Other literature, both pro- and antislavery, was catalyzed by the internationally riveting case of Margaret Garner, a fugitive slave, who with her husband Robert and their children fled from Maplewood Farm and its adjacent plantation in Richwood, Kentucky, across the icy Ohio River into Ohio on 28 January 1856. Surrounded by a U.S. marshal's party, Margaret killed her daughter to keep her from slavery. She was put on trial in Cincinnati, not, ironically, for killing her child but for theft of her child—"property" under the terms of the Fugitive Slave Law. After a month-long trial filled with contentious border politics involving governors of both Ohio and Kentucky, the Garners were remanded to their slaveholders and then sold to Mississippi. Margaret died of typhus in 1856. Her story was widely debated in proand antislavery journalism. The proslavery novel Abolitionism Unveiled; or, Its Origin, Progress, and Pernicious Tendency Fully Developed (1856) by the Kentuckian Henry Field James contained a version of Garner's murder (Weisenburger, p. 264), but the story soon disappeared from Southern consciousness. It became a legend in the North, spawning poems in The Liberator and including two ghost story versions (e.g., Chattanooga [1858] by John Jolliffe; Weisenburger, p. 272). More recently there has been a resurgence in southern consciousness—and controversy—about the story. The Nobel Prize–winner Toni Morrison based Beloved (1998) on the tale of Margaret Garner. The opera houses in Detroit, Philadelphia, and Cincinnati commissioned the opera Margaret Garner, with Morrison as librettist and the grammy award–winning composer Richard Danielpour as composer. In 2005 it debuted in Cincinnati to full houses and battling editorials about the Margaret Garner story.

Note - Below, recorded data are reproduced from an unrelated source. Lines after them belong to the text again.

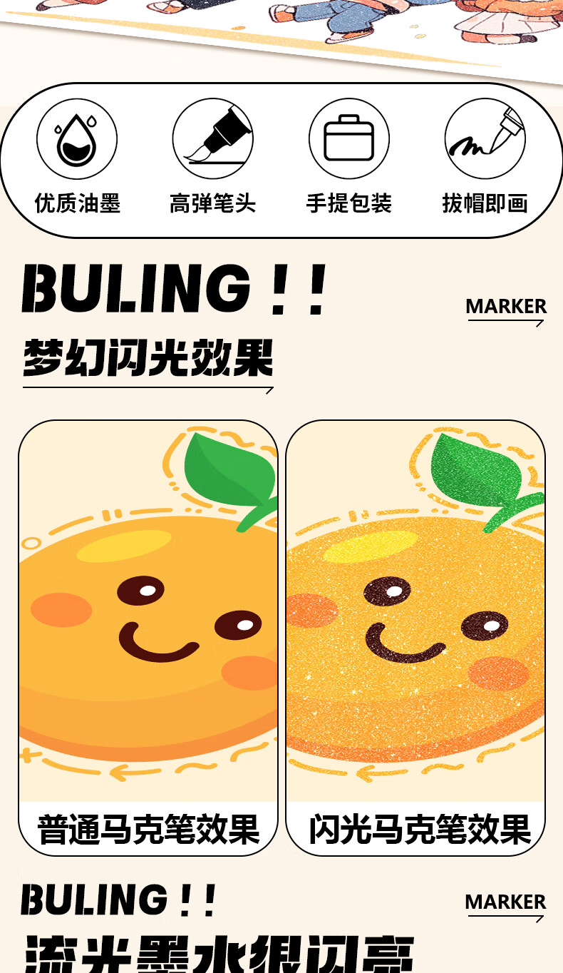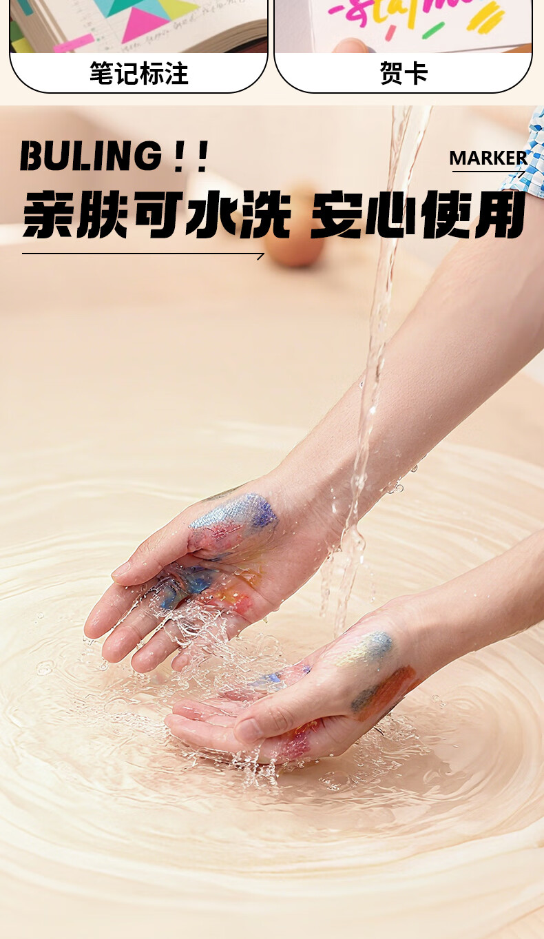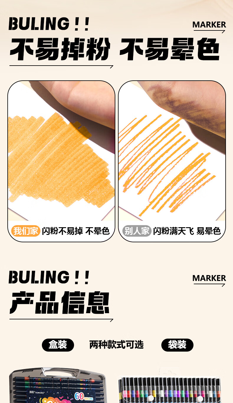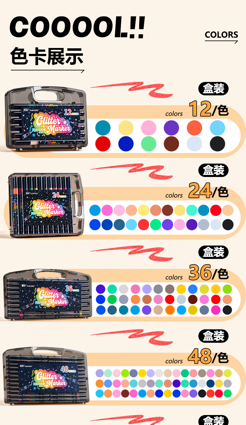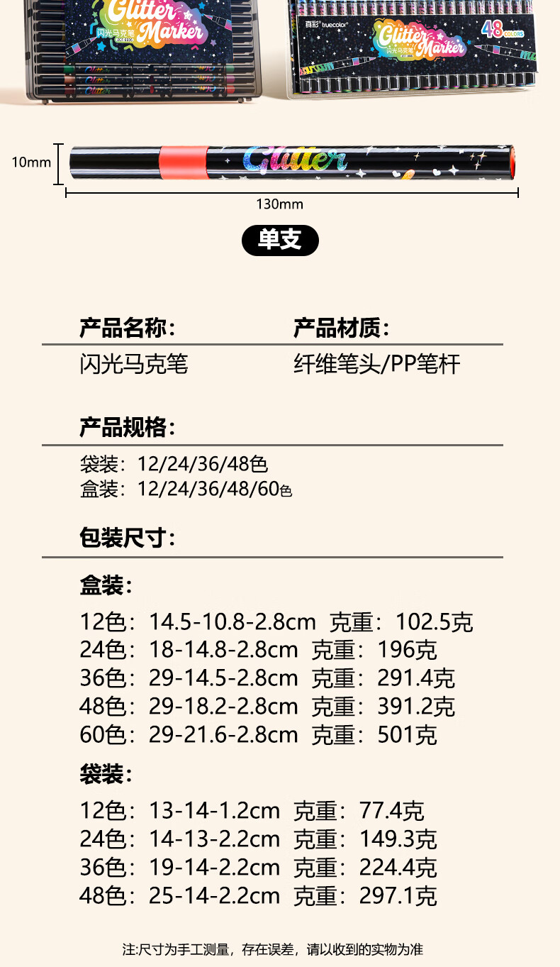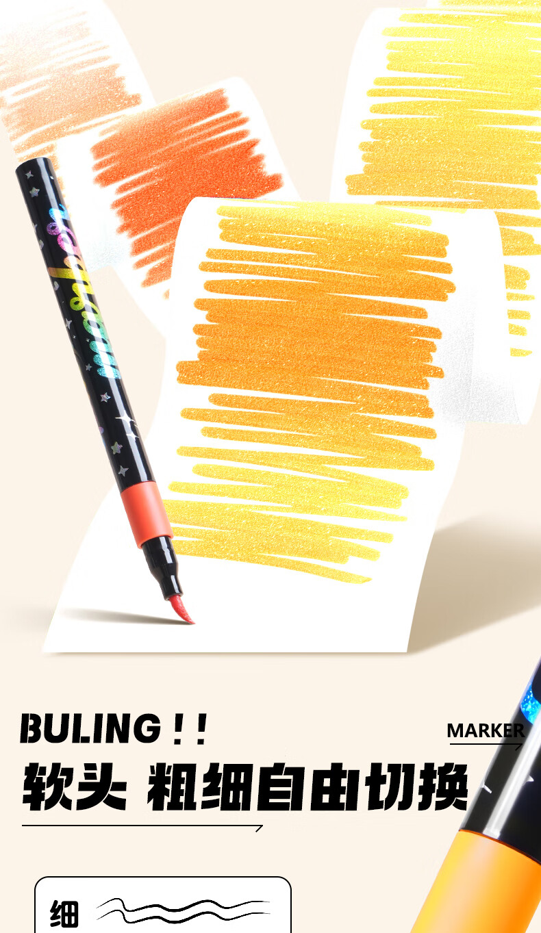 真彩(TRUECOLOR)12色闪光软头马克笔小学生美术专用幼儿园画画不透色可叠色爆闪水性彩色笔儿童无毒款珠光流沙6606
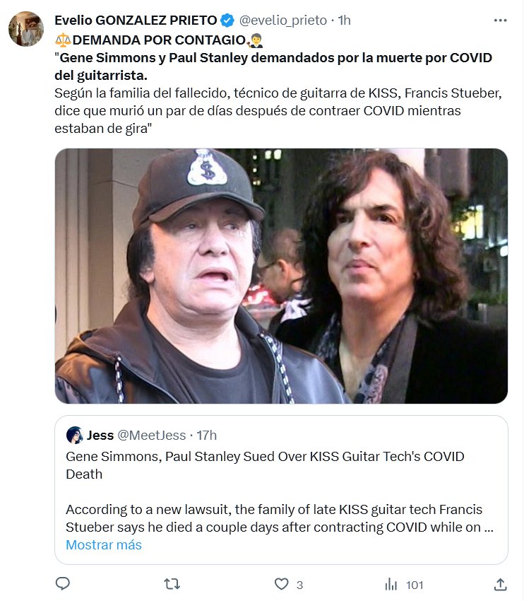 ⚖️DEMANDA POR CONTAGIO🧑⚖️ «Gene Simmons y Paul Stanley demandados por la muerte por COVID del guitarrista. Según la familia del fallecido, técnico de guitarra de KISS, Francis Stueber, dice que murió un par de días después de contraer COVID mientras estaban de gira»
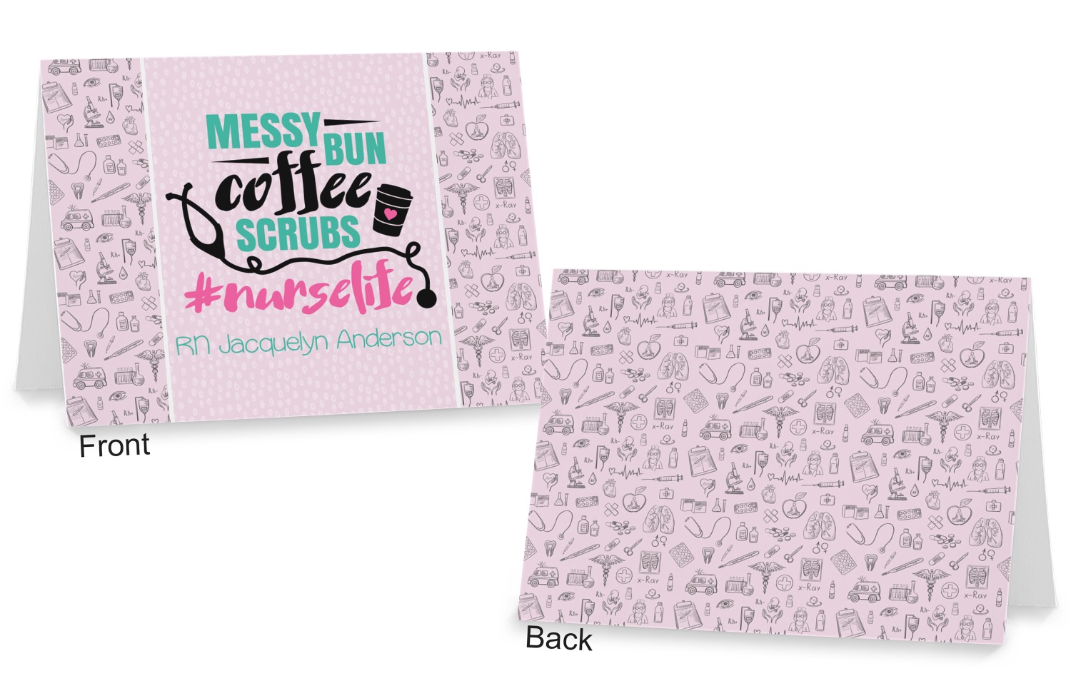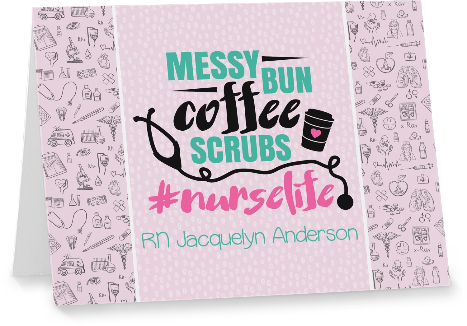This design features a quote saying "messy bun, coffee, scrubs, #nurselife." The background has two different subtle patterns. One has subtle dots, while the other has fun illustrations of different medical tools and symbols. The two backgrounds are a soft pink. The quote has several different colors including pink, black, and teal.

The citizens of Cincinnati also expressed their interest in art and music. The prodigality and regional qualities of Cincinnati's culture largely came from its accessible location on the Ohio River. With Ohio on one side and Kentucky on the other, Cincinnati conjoined the colloquial style of the frontier West with the aristocratic and proslavery attitudes of the South to produce a curious blend. In 1851, when a National Portrait Gallery was established, it contained "a collection of notable portraits of distinguished early Americans" (Hastings, pp. 451–452).With the true panache of the city, these portraits—including Beethoven, Schubert, and Mozart—hung in the beer gardens across the canal.

JOURNALISM

To say that journalism during the antebellum years was a synonym for Cincinnati itself would not be to exaggerate. In 1834 the American Quarterly Review of Andover, Massachusetts, wrote: "Cincinnati now commands in a considerable measure the literary resources of the western valley. . . New York is too deeply imbued with the commercial spirit ever to become the literary center of the country . . . Boston is too far from the southern, western, and even central portions of the country" (Mott 1:386).

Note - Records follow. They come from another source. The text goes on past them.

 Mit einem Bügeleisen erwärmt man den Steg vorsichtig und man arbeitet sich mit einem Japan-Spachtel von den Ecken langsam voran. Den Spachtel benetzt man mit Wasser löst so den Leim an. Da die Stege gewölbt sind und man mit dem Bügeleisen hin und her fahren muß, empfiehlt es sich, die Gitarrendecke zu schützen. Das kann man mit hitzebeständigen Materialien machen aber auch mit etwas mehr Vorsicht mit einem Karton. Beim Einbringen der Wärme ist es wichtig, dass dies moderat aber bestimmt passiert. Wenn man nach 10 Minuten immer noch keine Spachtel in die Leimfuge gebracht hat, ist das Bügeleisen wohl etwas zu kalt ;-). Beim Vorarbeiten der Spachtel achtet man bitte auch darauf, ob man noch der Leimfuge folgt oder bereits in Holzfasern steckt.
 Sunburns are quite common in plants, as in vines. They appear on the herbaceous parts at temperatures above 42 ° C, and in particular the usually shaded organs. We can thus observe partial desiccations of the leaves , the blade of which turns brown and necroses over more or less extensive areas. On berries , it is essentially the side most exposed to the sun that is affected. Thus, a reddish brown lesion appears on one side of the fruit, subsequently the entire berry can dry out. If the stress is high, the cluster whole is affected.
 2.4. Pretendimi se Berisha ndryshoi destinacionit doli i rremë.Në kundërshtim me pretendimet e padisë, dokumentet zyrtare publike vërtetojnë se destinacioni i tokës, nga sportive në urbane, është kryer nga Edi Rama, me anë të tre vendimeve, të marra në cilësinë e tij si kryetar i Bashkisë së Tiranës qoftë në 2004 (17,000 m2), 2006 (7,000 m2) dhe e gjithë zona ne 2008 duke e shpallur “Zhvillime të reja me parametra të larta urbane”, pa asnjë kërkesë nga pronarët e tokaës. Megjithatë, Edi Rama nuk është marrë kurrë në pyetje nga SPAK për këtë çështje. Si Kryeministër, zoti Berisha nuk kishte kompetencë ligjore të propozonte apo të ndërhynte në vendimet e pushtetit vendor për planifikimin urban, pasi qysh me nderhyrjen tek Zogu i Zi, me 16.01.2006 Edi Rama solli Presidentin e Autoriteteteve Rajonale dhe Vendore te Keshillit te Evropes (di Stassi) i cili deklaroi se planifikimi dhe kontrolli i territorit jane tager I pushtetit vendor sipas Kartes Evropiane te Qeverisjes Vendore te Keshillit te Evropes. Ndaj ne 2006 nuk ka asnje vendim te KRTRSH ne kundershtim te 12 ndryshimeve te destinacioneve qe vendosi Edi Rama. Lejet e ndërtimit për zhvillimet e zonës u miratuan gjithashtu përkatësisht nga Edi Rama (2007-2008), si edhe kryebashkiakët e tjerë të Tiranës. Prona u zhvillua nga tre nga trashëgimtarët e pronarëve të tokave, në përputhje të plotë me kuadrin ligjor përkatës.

From 1820 to 1870 journalism established itself on the forefront of Cincinnati's literary scene. The increase of population and location of the city partially caused this rapid growth of journalism, but what predominantly spurred this emergence was the tumultuous nature of pre–Civil War Cincinnati. Home to both abolitionists and proslavery advocates, Cincinnati seeped with controversy. Given the religious, racial, and political tensions prevalent here, journalists and writers alike rose to the occasion.

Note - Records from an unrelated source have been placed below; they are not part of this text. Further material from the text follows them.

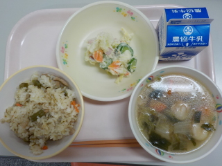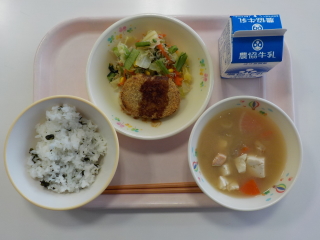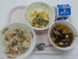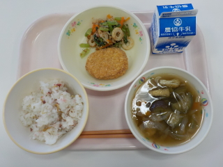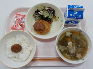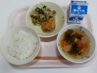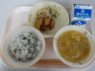 わかめごはん、コロッケ、バンバンジーサラダ、油揚げとキャベツのみそ汁、牛乳 |
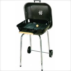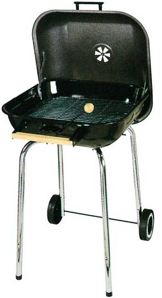 Гриль-коптильня имеет четыре устойчивые ножки, две их которых снабжены колесиками. На гриле установлен регулятор подачи воздуха. Высота гриля 99 см, размер 41 на 41 см.
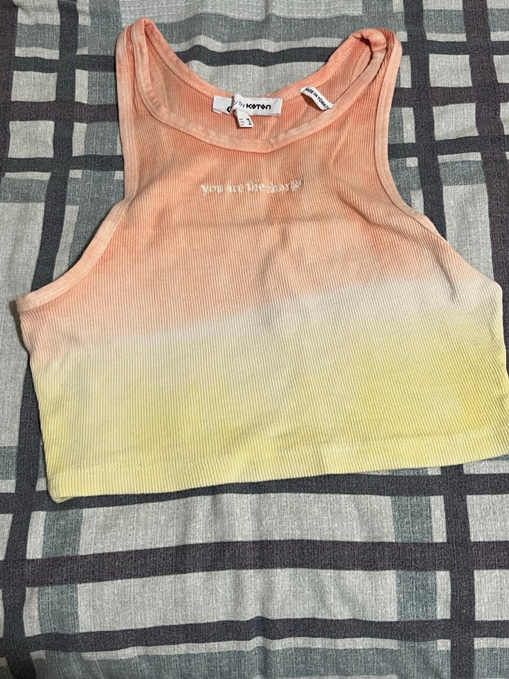 Kadınlar için pastel renkli tie-dye desenli, kolsuz ve kısa mini atlet. Yumuşak sentetik kumaştan, rahat ve şık bir sokak stili sunar.
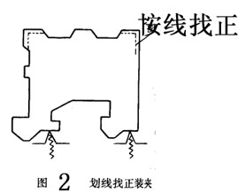 引法是先在毛坯上按照零件圖劃出中心線、對稱線和各等加工表在的加工線,然后將工件裝上機(jī)床,按照劃好的線找正工件在要床上的裝夾位置。如圖2所示車床床身毛坯,為保證床身各種壁厚均勻及各加工面的加工余量,先在平臺上將毛坯按圖劃好加工線,然后在龍門刨床工作臺上用千斤頂支起床身毛坯,用劃線盤按線的正后夾緊,再對床身毛坯底平面進(jìn)行粗刨。這種裝夾方法生產(chǎn)率低,精底低,且對工人技術(shù)水平要求高,一般用于單件小批生產(chǎn)中加工復(fù)雜而笨重的零件,或毛坯尺寸公差大而無法直接用來具裝夾的場合。

Journalism gave Cincinnati, the Athens of the West, a voice to give back to the East. Local humor and regional color were displayed through journalistic endeavors. Numerous literary publications representing the regional character of Cincinnati appeared in the first third of the century. In early 1821 a semimonthly, the Olio, was founded. This newspaper contained "contributions of such industrious collectors of local history as Robert T. Lytle, Dennis McHenry, John H. James, Lewis Noble, and a number of other well-known writers of that time" (Nelson and Runk, p. 257). A year later the actor Sol Smith (1801–1869) established the Independent Press; the popularity of this newspaper can be attributed to its satirical drawings and humorous remarks. That same year John P. Foote (1783–1865) introduced the Cincinnati Literary Gazette. It also gained widespread attention as a result of its notable literature. As with the Olio, much of its information is related to local history, and historians to this day reference it. It also contains some of the first articles written by Benjanim Drake (1794–1841), "who proved himself one of the most industrious local writers of the time" (Nelson and Runk, p. 258).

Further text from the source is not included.